→ WHAT THE TASK ASKS: In the data below, set down exactly the lines from the one containing "Giv din garderobe" up to and including the one containing "회귀는 회귀 계수의 선형/비선형". Leave the pictures out.

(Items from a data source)
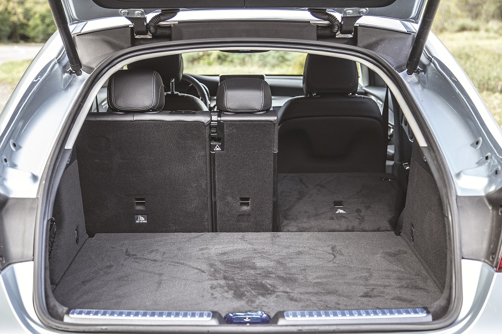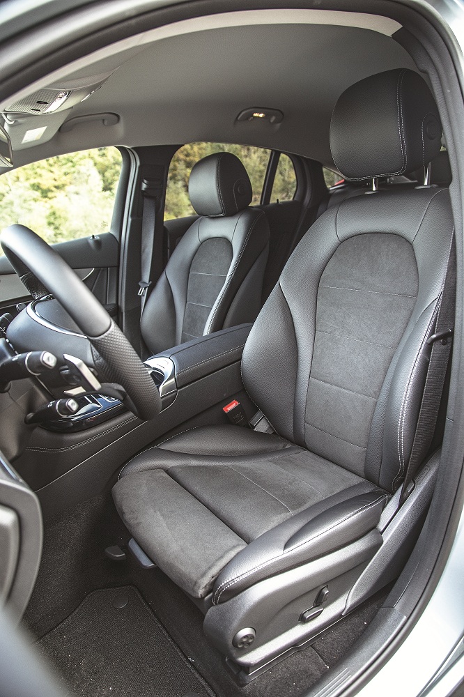 Aceștia beneficiază de o înălțime interioară respectabilă în spate, de 97 cm, mai mare ca în multe limuzine de clasă medie și mare. De asemenea, ca și la GLC, șezutul este poziționat optim și poziția de ședere în spate este confortabilă. Deci, din acest punct de vedere, cei care aleg GLC Coupe nu trebuie să facă niciun compromis față de GLC. Singurul compromis de spațiu este la volumul portbagajului. GLC Coupe beneficiază în standard de aceeași banchetă fracționabilă 40/20/40% și se obține aceeași suprafață perfect plană prin rabatere. Doar volumul portbagajului este puțin mai mic, fiind cuprins între 500 și 1.400 litri față de 550 și 1.600 litri la GLC, iar marginea de încărcare este puțin mai înaltă. Dar pe de altă parte, câte coupe-uri oferă un volum util de 500 litri?
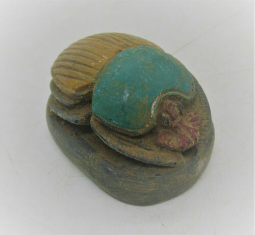 Title (ebay affiliate link): CIRCA 500 BCE ANCIENT EGYPTIAN GLAZED FAIENCE SCARAB BEAD SEAL RARE
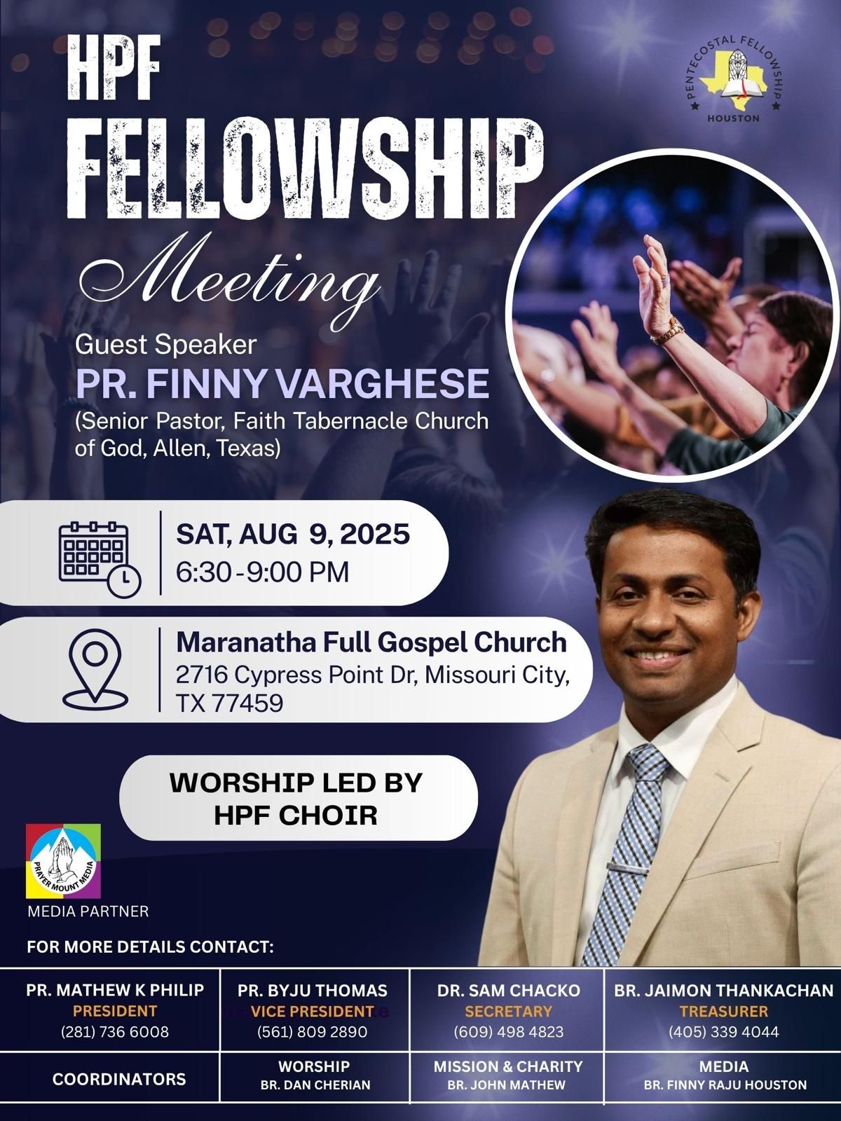 ഹ്യൂസ്റ്റൺ: ഹ്യൂസ്റ്റൺ പെന്തക്കോസ്ത് ഫെലോഷിപ്പിന്റെ ആഭിമുഖ്യത്തിൽ ആഗസ്റ്റ് 9, 2025 ശനിയാഴ്ച വൈകിട്ട് 6:30 മുതൽ 9:00 വരെ ഫെലോഷിപ്പ് മീറ്റിംഗ് നടത്തപ്പെടുന്നു. മീറ്റിംഗ് മിസൗറി സിറ്റിയിലെ Maranatha Full Gospel Church ൽ വെച്ച് നടത്തപ്പെടും. (വിലാസം: 2716 Cypress Point Dr, Missouri City, TX 77459)
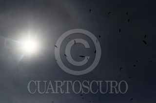 TEPOZTLÁN, MORELOS, 24OCTUBRE2021. Bandadas de zopilotes vuelan sobre los cadaveres de varias reses en la Reserva Ecologica del Texcal en el centro de la entidad. Estas aves que se alimentan de carroña habitan en todo el pais en tierras bajas. Imagen tomada el dia de ayer en el paraje conocido como La Laguna. FOTO: MARGARITO PÉREZ RETANA / CUARTOSCURO.COM
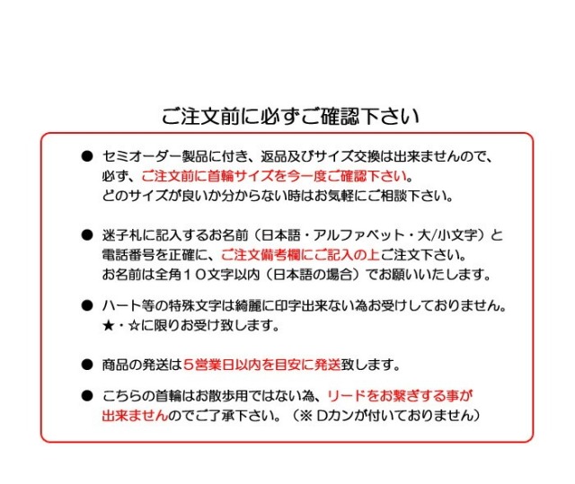 犬首輪とリードの通販専門店 犬の首輪屋てるべる HOME 迷子札付き首輪・迷子札チョーカー 犬 猫 首輪 迷子札チョーカー おしゃれ かわいい 犬首輪 猫首輪 パピー用首輪 名前入り 名入れ ネーム入り ネームタグ 名札 ドッグタグ 超軽量 迷子札 超小型犬用首輪 いぬ ネコ 子犬 ブランド デニム 補助首輪 チョーカー maigo-dm 価格: ¥3,380 (税込) 販売期間: バックル&Dカンのカラー: 選択してください ゴールド シルバー ★サイズお選びください★: 選択してください 15cm~21cm 17cm~23cm 19cm~25cm 21cm~27cm 23cm~29cm 25cm~31cm 27cm~33cm 29cm~35cm 31cm~37cm それ以上はご相談ください ▼迷子札のお名前(全角8文字以内)上段▼: ▼迷子札のお電話番号(11桁程度)下段▼: 数量: 個 カラー在庫購入インディゴブルー(暗いブルー)○ ライトブルー(明るいブルー)○ ブラック○ デニムベージュ○ カラー在庫購入インディゴブルー(暗いブルー)○ ライトブルー(明るいブルー)○ ブラック○ デニムベージュ○ 返品についての詳細はこちら
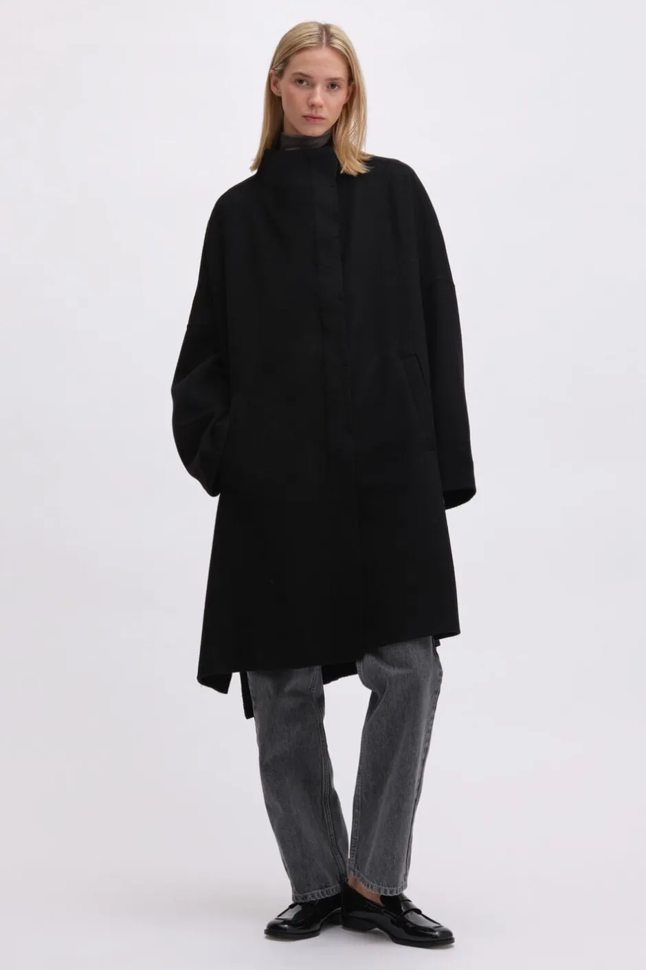 Giv din garderobe et løft med Drapy Wool Coat fra Remain, og oplev hvordan denne frakke kan forvandle dit look til noget helt særligt.
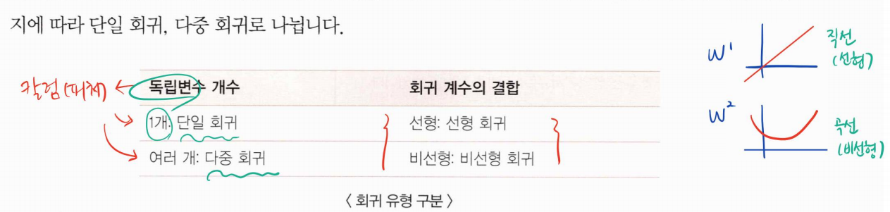 회귀는 회귀 계수의 선형/비선형 여부, 독립변수의 개수, 종속변수의 개수에 따라 여러 가지 유형으로 나눌 수 있다. 회귀에서 가장 중요한 것은 회귀 계수(w: weight)이다. 이 회귀 계수가 선형인지 아닌지에 따라 선형 회귀와 비선형 회귀로 나눌 수 있다. 그리고 독립변수의 개수가 한 개인지 여러 개인지에 따라 단일 회귀, 다중 회귀로 나뉜다.
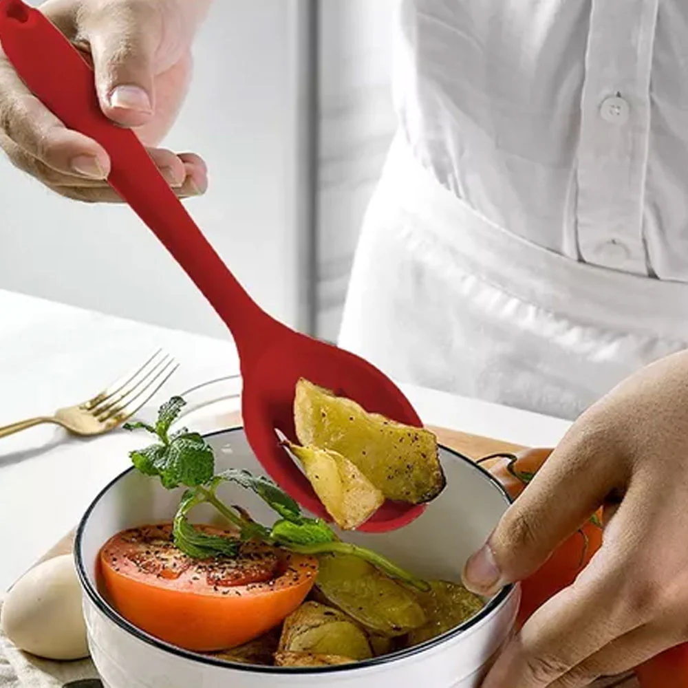 - Protege tus ollas y sartenes: Cucharas de silicona antiadherente que evita que tus sartenes se rayen o se abollen. Cuenta con un recubrimiento que protege perfectamente la olla antiadherente para hacer que los usuarios coman con más tranquilidad.
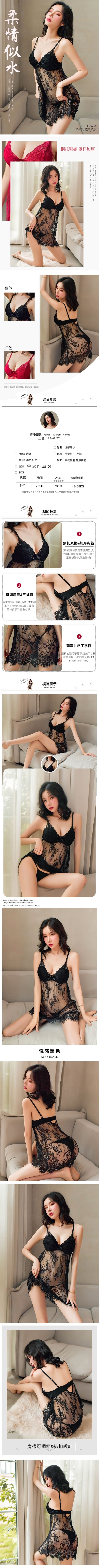 鋼托聚攏性感蕾絲吊帶睡裙兩件組

→ RESPONSE:
 Giv din garderobe et løft med Drapy Wool Coat fra Remain, og oplev hvordan denne frakke kan forvandle dit look til noget helt særligt.
 회귀는 회귀 계수의 선형/비선형 여부, 독립변수의 개수, 종속변수의 개수에 따라 여러 가지 유형으로 나눌 수 있다. 회귀에서 가장 중요한 것은 회귀 계수(w: weight)이다. 이 회귀 계수가 선형인지 아닌지에 따라 선형 회귀와 비선형 회귀로 나눌 수 있다. 그리고 독립변수의 개수가 한 개인지 여러 개인지에 따라 단일 회귀, 다중 회귀로 나뉜다.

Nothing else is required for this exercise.